School District Contracts: Stable but Capped

Many pediatric therapy practices supplement clinic-based revenue with school district contracts, providing PT, OT, and speech services to students with IEPs (Individualized Education Programs). These contracts are attractive because they're predictable — school districts must provide mandated services and they renew annually — but they carry characteristics that buyers evaluate carefully.

School contracts typically pay lower rates than commercial insurance (often 30-50% less per session). They're seasonal, with revenue dropping during summer months. And they often require therapists to travel to multiple school sites, reducing the number of billable sessions per day compared to a clinic setting.

The sweet spot for valuation is school contracts representing 15-25% of total revenue. That demonstrates diversification and community relationships without over-indexing on a lower-margin channel. Practices where school contracts exceed 40% of revenue will see buyers discount their EBITDA margins against a scenario where those contracts are lost or renegotiated at lower rates.

Therapist Retention: The Make-or-Break Factor

I cannot overstate how central therapist retention is to pediatric therapy practice valuation. Pediatric speech-language pathologists are among the hardest healthcare professionals to recruit nationally. OTs and PTs with pediatric specialization aren't far behind. If your practice has a stable clinical team, that stability is one of your most valuable assets.

Buyers will ask for therapist tenure data, turnover rates over the past three years, compensation benchmarking against market rates, and whether therapists are employees or independent contractors. Practices with average therapist tenure above 3 years and annual turnover below 15% get meaningfully better multiples than those churning through clinicians.

The contractor-versus-employee question is a genuine risk factor. If your therapists are classified as 1099 contractors, buyers will evaluate misclassification risk and may require you to indemnify them against reclassification liabilities. The IRS and state labor departments have been aggressive on this issue in healthcare, and a buyer's legal team will scrutinize it.
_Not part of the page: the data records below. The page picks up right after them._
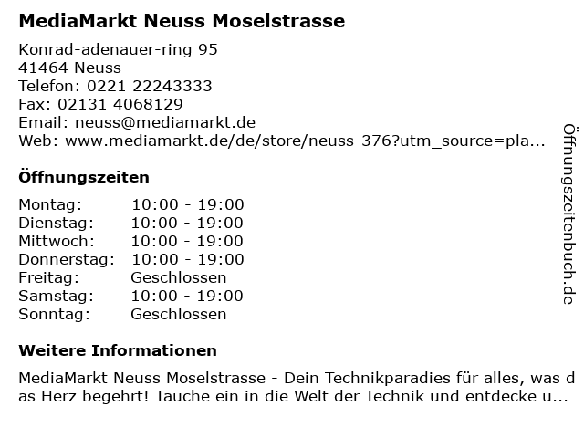 | Öffnungszeiten MediaMarkt Neuss Moselstrasse in Neuss anzeigen | |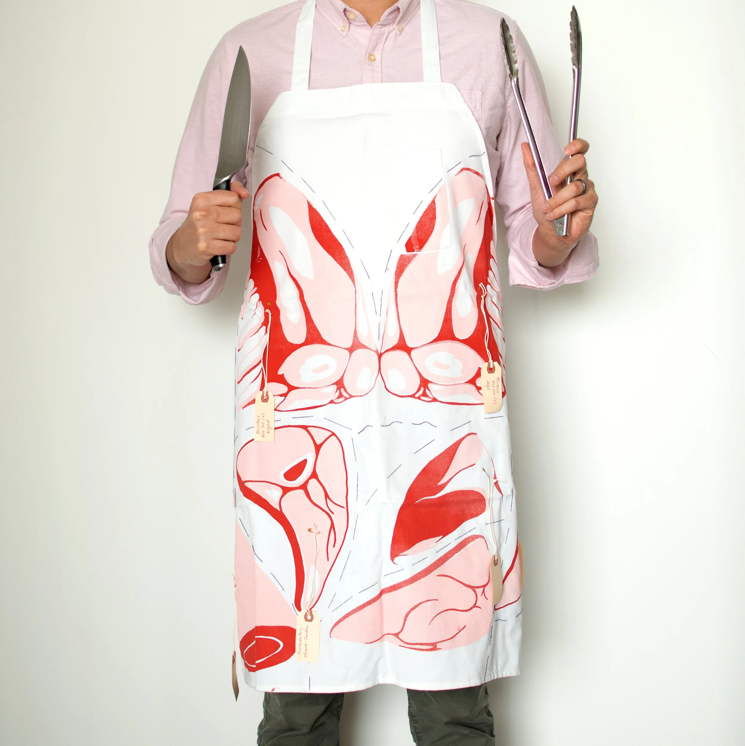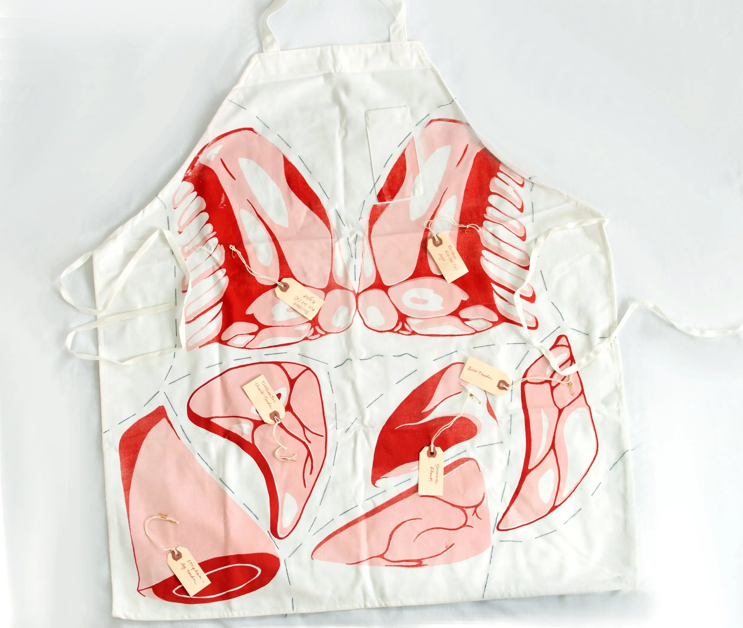 This is a screen printed book and atlas of cuts of meat that opens up into a stylish apron.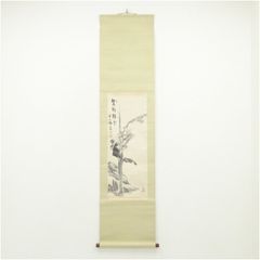 本品は「雪山」銘のある水墨山水掛軸です。静寂な渓谷に高士が佇む、南画風の大変趣のある一幅で、松樹や岩肌、滝の表現にも味わいが感じられます。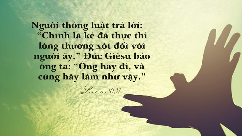 Nhà thông luật đã đặt một câu hỏi rất thực tế: “Tôi phải làm gì để thừa hưởng sự sống đời đời?” Mặc dù mục đích ông hỏi là để thử Đức Giêsu nhưng câu hỏi của ông đặt ra lại là mối bận tâm của nhiều người. Người ta nghe biết sẽ có sự sống đời đời nhưng không biết cách nào để đạt được sự sống đó. Cho nên qua câu hỏi của nhà thông luật, Đức Giêsu giải thích và hướng dẫn người ta cách đạt đến sự sống đời đời. Trước hết, sự sống đời đời dựa trên việc thực hiện giới răn yêu mến Chúa và tha nhân. Kế đến, yêu mến Chúa và tha nhân không nói bằng miệng nhưng cần thể hiện bằng hành động yêu thương như người Samari nhân hậu. Thấy người ta khổ cần giúp là giúp, không tính toán thiệt hơn, cũng không quan tâm đền đáp.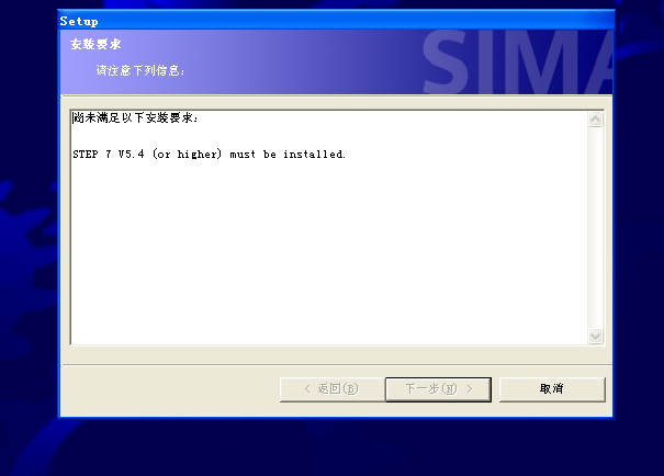 在安裝S7-300 的編程軟件V5.4是顯示這個(gè)提示,不知道是什么意思。應(yīng)該怎么解決。請(qǐng)高手指教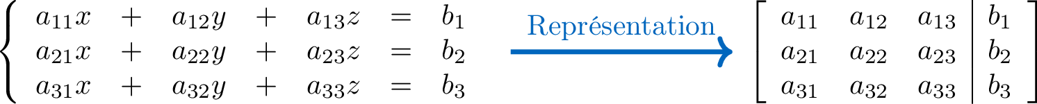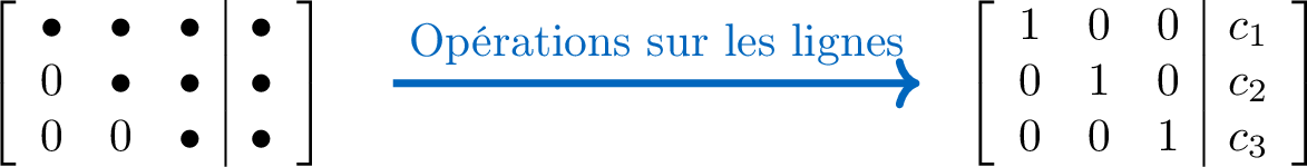 Une équation linéaire dans les variables \(x_1, x_2, \dots, x_n\) est une équation qui peut s'écrire sous la forme$$ a_1x_1 + a_2x_2 + \dots + a_nx_n = b $$où \(a_1, a_2, \dots, a_n\) et \(b\) sont des constantes. Une solution de l'équation est un ensemble de valeurs des variables qui rend l'équation vraie.

Credentialing depth also matters. Practices where multiple therapists hold specialty certifications — Sensory Integration (SIPT), PROMPT for speech, NDT for physical therapy — demonstrate a clinical sophistication that supports higher rates and differentiates from competitors. A buyer looking at a platform acquisition wants to see clinical depth, not just headcount.

What Kills Pediatric Therapy Practice Value

Founder dependency. If the founding clinician handles 30%+ of the patient caseload and all the referral relationships run through them personally, buyers see a practice that may not survive the transition. The two-year earnout structures common in these deals exist precisely because buyers need the founder to stay and gradually transfer those relationships.
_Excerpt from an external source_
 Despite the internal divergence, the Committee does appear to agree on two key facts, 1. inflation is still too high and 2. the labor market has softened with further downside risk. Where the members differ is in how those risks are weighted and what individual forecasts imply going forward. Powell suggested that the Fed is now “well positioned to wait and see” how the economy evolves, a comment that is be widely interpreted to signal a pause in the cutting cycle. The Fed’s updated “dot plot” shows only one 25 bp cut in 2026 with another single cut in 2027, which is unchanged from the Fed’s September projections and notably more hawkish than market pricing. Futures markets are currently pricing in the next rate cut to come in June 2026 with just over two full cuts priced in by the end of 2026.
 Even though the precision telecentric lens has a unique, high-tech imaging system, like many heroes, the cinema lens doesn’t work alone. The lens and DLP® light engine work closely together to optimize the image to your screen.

Single-payer dependency. A practice where one insurance company or one state program represents more than 40% of revenue faces concentration risk. Payer contract renegotiations, rate cuts, or credentialing changes can crater revenue overnight.
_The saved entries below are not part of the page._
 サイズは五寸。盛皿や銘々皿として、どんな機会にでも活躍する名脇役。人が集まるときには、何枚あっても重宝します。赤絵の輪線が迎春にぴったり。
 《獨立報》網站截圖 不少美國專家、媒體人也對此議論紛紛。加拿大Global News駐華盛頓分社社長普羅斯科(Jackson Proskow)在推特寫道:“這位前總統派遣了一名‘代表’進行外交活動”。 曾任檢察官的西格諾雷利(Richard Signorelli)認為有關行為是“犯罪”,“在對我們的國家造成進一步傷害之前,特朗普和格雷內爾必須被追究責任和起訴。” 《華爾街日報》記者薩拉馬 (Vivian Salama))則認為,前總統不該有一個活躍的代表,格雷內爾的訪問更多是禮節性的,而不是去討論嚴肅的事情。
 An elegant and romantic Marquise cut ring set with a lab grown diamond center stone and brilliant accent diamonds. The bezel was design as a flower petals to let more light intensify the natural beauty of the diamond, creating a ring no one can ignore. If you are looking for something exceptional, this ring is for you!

Facility constraints. Pediatric therapy requires specialized space — sensory gyms, suspended equipment, therapy swings, and private treatment rooms. If your lease is expiring, your space is maxed out with no room to add treatment rooms, or your facility doesn't meet ADA requirements, these are material issues that buyers price into their offers or use to renegotiate terms during diligence.

The Bottom Line

Pediatric therapy practices sit at the intersection of strong demographic demand, insurance mandate expansion (particularly for autism services), and a fragmented market that PE platforms are actively consolidating. If your practice has a balanced payer mix, a stable therapist team, some ABA or autism specialization, and management that doesn't depend entirely on the founder, you're well positioned in the 6-8x EBITDA range. The practices that sell for 4-5x are typically single-location, founder-dependent, and heavily reliant on a single revenue channel. The gap between those outcomes is worth planning for years in advance.